Instruction for the entries below: return the part that opens with the line containing "本ガイドは、平時の整理から直" and closes with the line containing "1953 Drink Pepsi", exactly, and no pictures.

(Beginning of Source records)

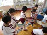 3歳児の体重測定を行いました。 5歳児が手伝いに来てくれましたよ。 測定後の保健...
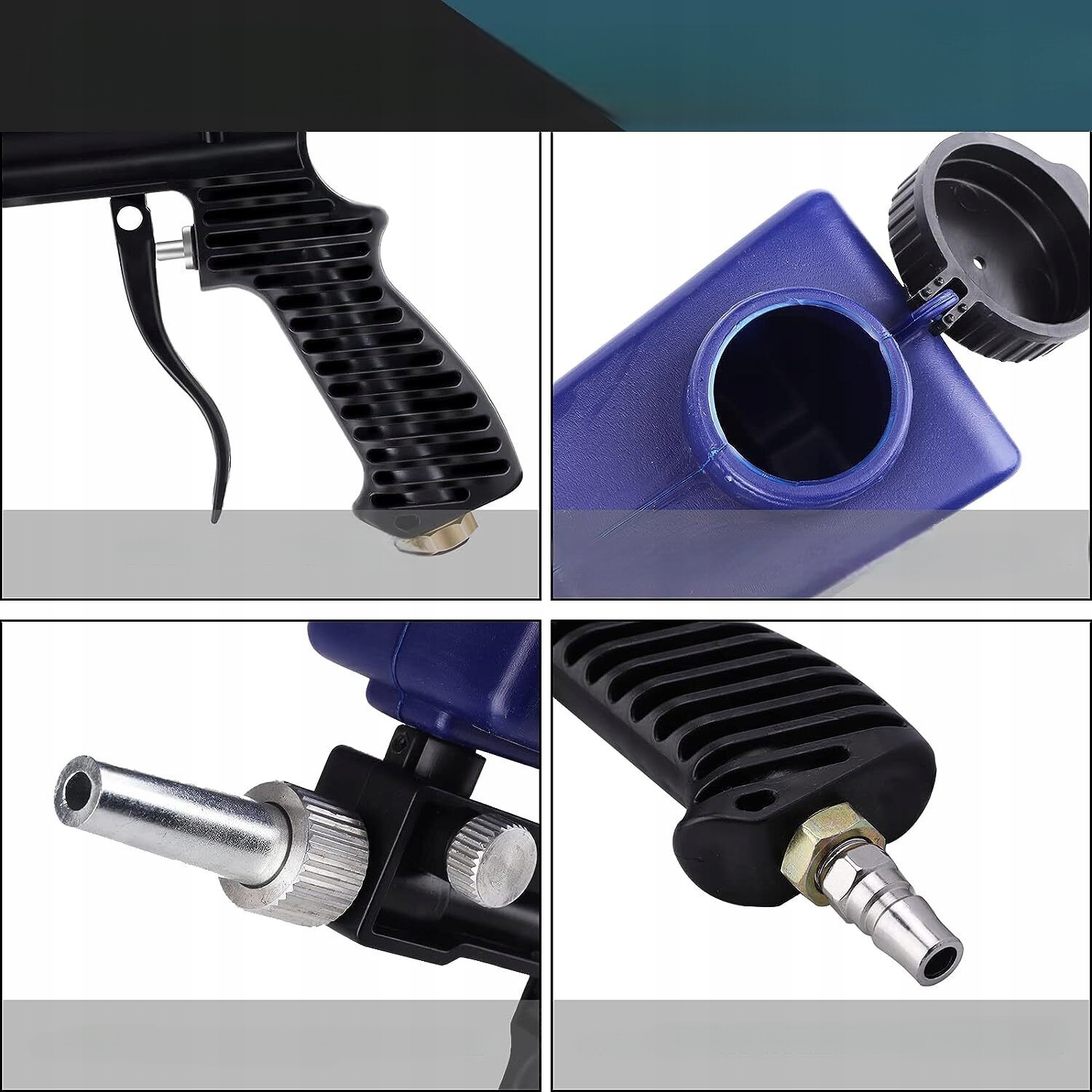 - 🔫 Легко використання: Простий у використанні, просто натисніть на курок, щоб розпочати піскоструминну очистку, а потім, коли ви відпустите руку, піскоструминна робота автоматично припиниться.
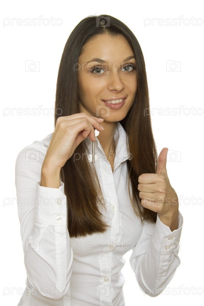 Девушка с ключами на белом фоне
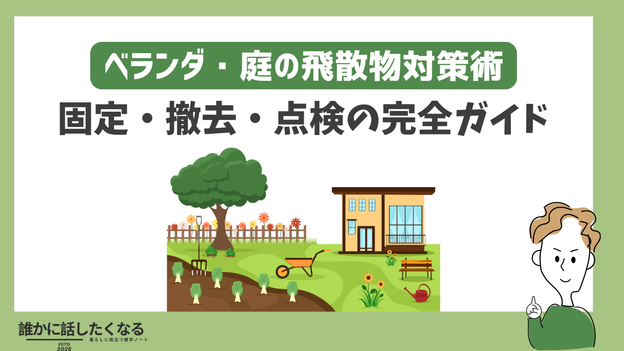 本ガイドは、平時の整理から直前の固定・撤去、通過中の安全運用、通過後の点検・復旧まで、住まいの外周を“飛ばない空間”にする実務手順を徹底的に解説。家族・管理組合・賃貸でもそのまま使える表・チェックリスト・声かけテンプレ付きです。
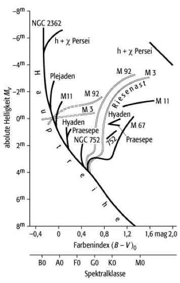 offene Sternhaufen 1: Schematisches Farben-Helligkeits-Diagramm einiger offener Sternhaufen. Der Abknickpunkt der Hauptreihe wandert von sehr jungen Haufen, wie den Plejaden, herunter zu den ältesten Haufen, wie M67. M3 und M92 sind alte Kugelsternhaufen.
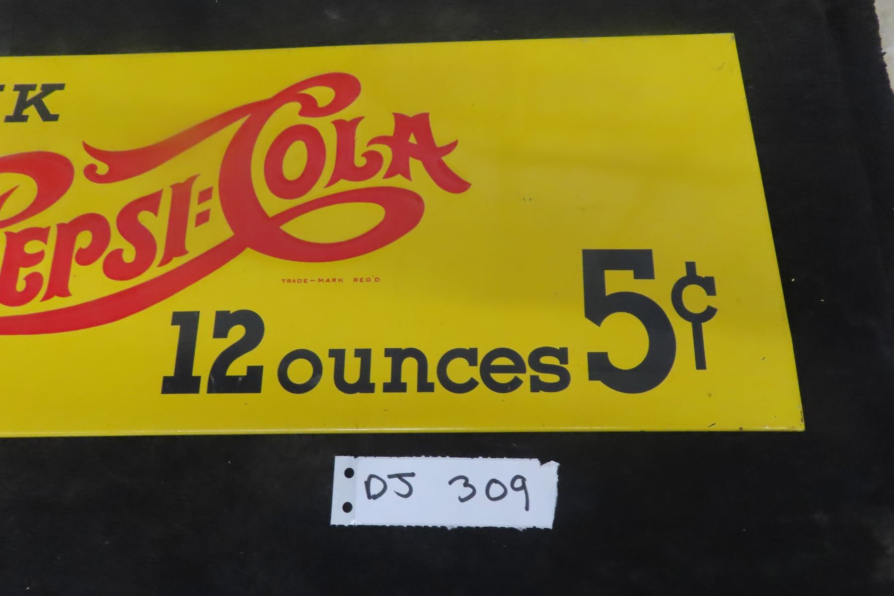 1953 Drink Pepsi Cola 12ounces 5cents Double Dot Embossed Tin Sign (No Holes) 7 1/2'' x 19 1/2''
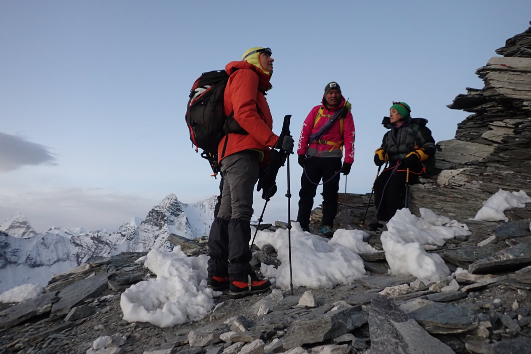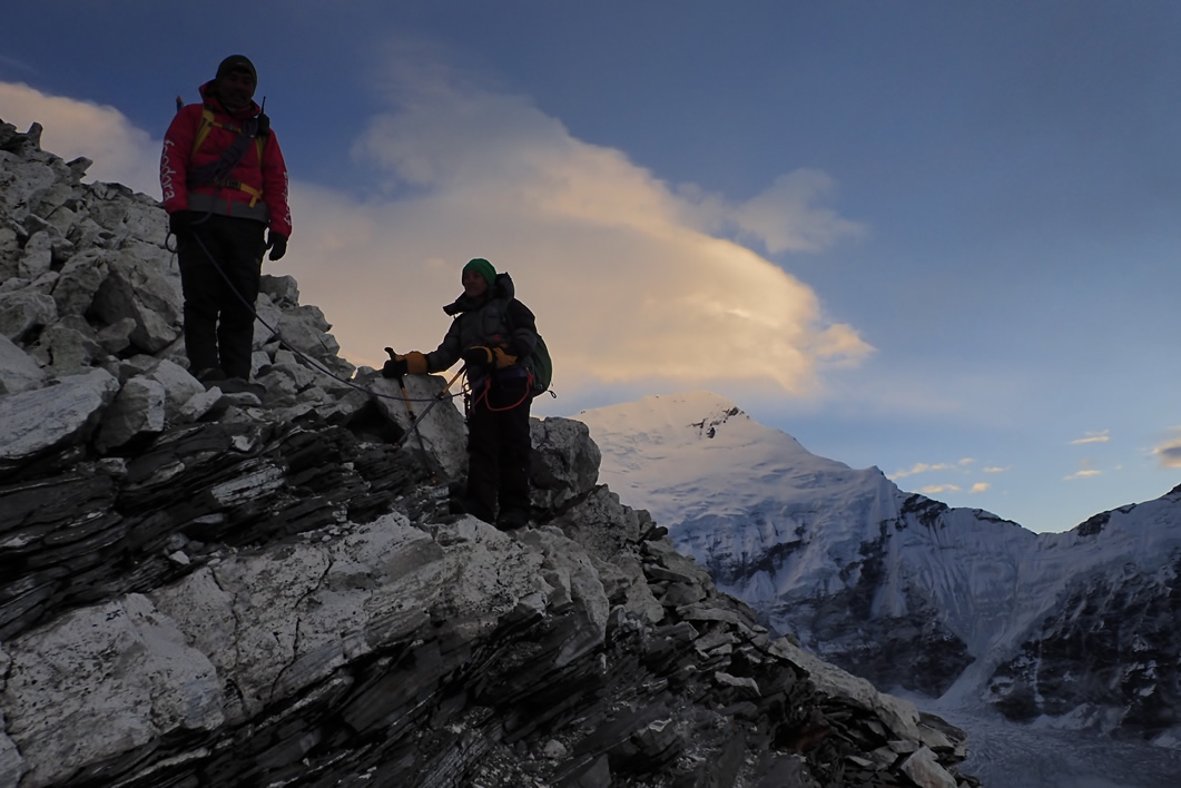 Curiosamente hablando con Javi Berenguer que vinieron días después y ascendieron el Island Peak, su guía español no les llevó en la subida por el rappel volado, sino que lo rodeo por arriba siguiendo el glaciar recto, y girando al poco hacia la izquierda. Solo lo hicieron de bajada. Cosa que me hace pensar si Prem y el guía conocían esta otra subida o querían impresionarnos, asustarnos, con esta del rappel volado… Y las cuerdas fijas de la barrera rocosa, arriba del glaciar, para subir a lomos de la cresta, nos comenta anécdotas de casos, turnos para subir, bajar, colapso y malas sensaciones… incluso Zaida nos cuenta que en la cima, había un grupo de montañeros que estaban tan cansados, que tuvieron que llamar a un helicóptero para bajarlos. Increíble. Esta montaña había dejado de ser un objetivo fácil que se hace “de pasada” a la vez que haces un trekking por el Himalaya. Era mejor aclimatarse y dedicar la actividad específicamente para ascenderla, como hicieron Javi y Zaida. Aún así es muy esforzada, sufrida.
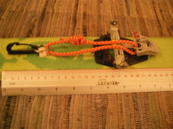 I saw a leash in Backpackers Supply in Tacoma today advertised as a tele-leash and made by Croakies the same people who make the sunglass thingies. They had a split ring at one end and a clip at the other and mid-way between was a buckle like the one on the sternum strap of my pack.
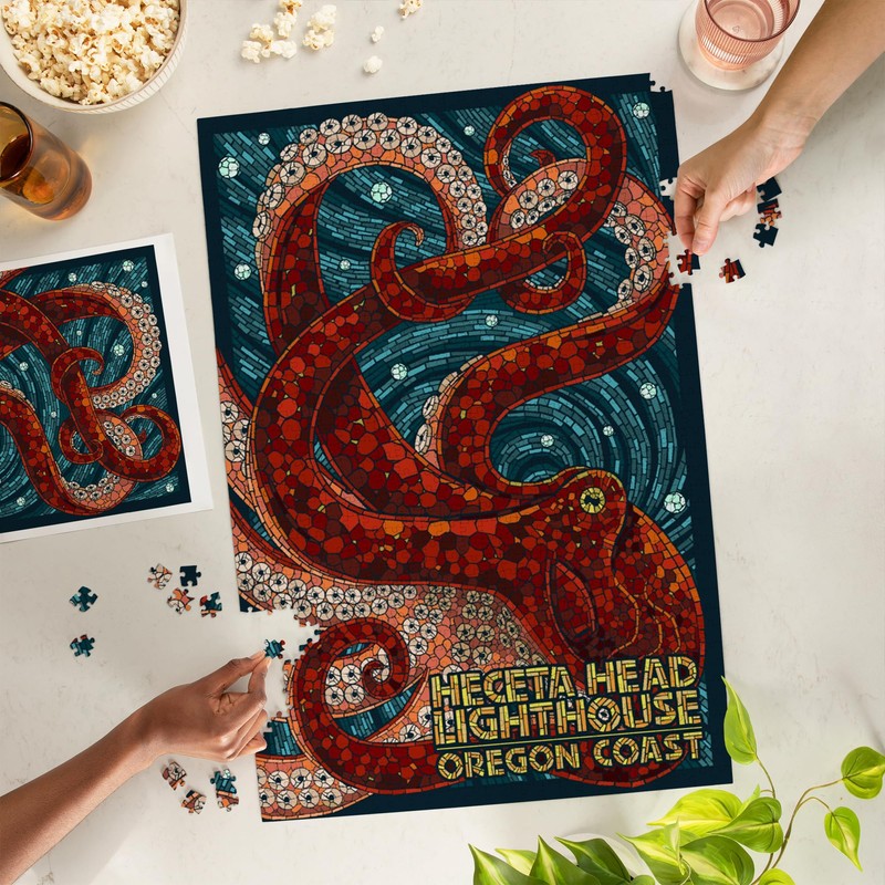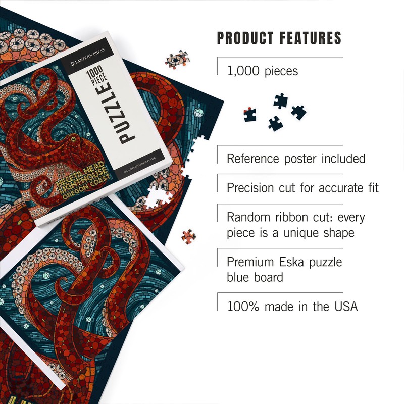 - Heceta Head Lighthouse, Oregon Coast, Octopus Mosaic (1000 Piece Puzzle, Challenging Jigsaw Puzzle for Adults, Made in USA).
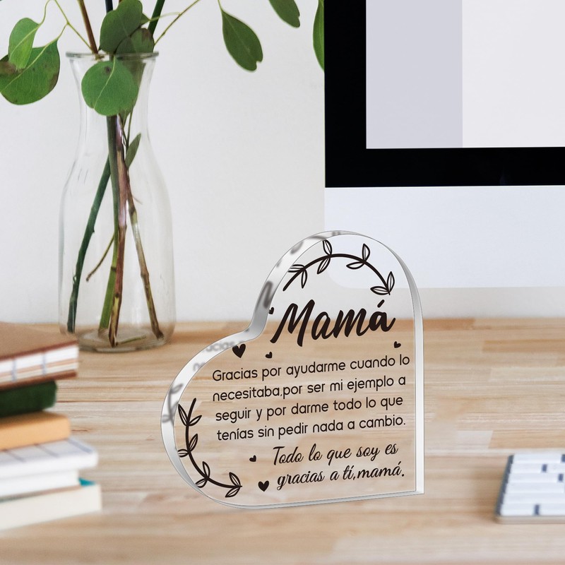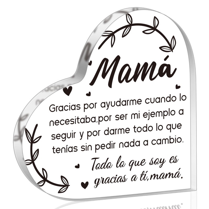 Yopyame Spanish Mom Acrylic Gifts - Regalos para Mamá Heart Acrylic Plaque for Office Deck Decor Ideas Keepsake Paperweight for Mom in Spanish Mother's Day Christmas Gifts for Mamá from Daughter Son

(End of Source records)

▶ **Answer**
 本ガイドは、平時の整理から直前の固定・撤去、通過中の安全運用、通過後の点検・復旧まで、住まいの外周を“飛ばない空間”にする実務手順を徹底的に解説。家族・管理組合・賃貸でもそのまま使える表・チェックリスト・声かけテンプレ付きです。
 offene Sternhaufen 1: Schematisches Farben-Helligkeits-Diagramm einiger offener Sternhaufen. Der Abknickpunkt der Hauptreihe wandert von sehr jungen Haufen, wie den Plejaden, herunter zu den ältesten Haufen, wie M67. M3 und M92 sind alte Kugelsternhaufen.
 1953 Drink Pepsi Cola 12ounces 5cents Double Dot Embossed Tin Sign (No Holes) 7 1/2'' x 19 1/2''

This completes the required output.